• _YOUR TASK_
Output exactly the lines that come between the start of the material and the line containing "资金流向方面,深证AIGCR", both ends included, with the pictures omitted.

• _MATERIAL PROVIDED_
○ ○ ○ ○
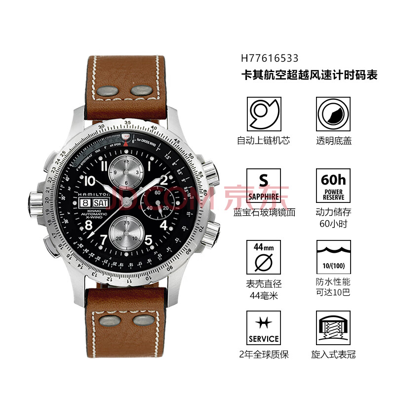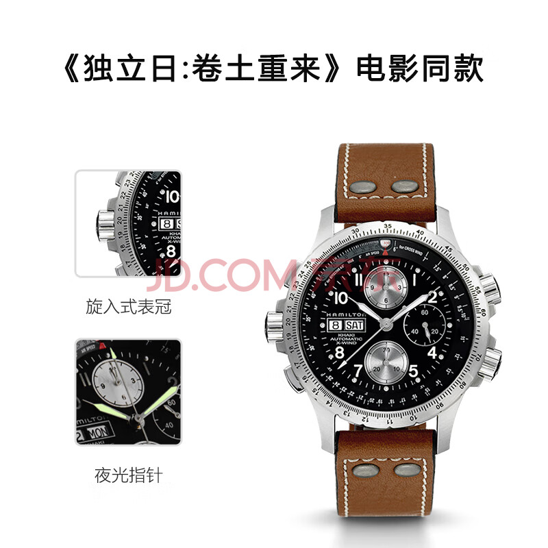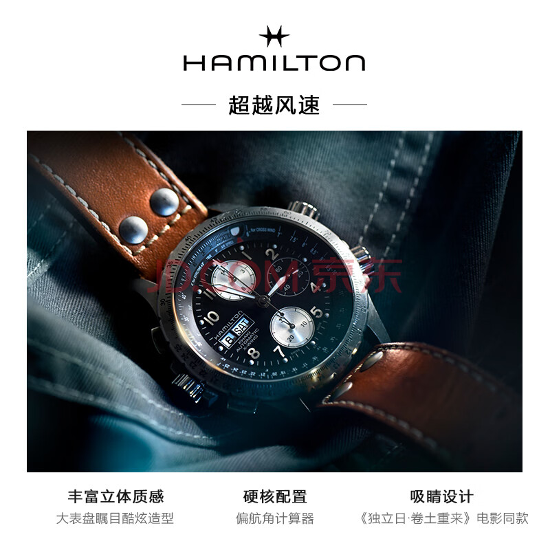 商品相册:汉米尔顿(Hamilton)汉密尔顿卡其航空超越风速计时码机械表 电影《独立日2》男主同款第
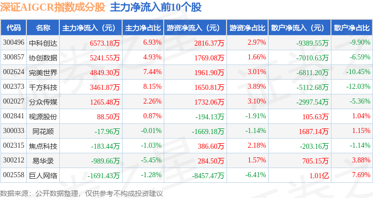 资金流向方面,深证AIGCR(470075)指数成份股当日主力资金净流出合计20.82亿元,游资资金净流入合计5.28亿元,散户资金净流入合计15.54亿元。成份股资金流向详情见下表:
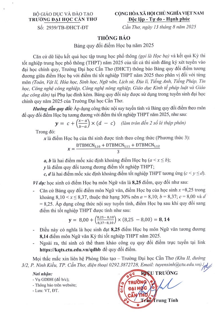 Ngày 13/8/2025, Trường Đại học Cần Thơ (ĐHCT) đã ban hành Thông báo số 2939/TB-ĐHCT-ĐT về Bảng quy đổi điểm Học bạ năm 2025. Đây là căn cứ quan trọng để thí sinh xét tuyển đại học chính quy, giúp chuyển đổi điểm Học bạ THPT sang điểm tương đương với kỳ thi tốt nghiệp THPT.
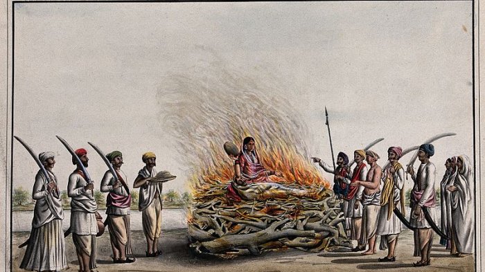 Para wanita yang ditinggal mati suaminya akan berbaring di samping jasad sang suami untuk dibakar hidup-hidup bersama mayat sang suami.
○ ○ ○ ○
• _WRITTEN ANSWER_
 商品相册:汉米尔顿(Hamilton)汉密尔顿卡其航空超越风速计时码机械表 电影《独立日2》男主同款第
 资金流向方面,深证AIGCR(470075)指数成份股当日主力资金净流出合计20.82亿元,游资资金净流入合计5.28亿元,散户资金净流入合计15.54亿元。成份股资金流向详情见下表:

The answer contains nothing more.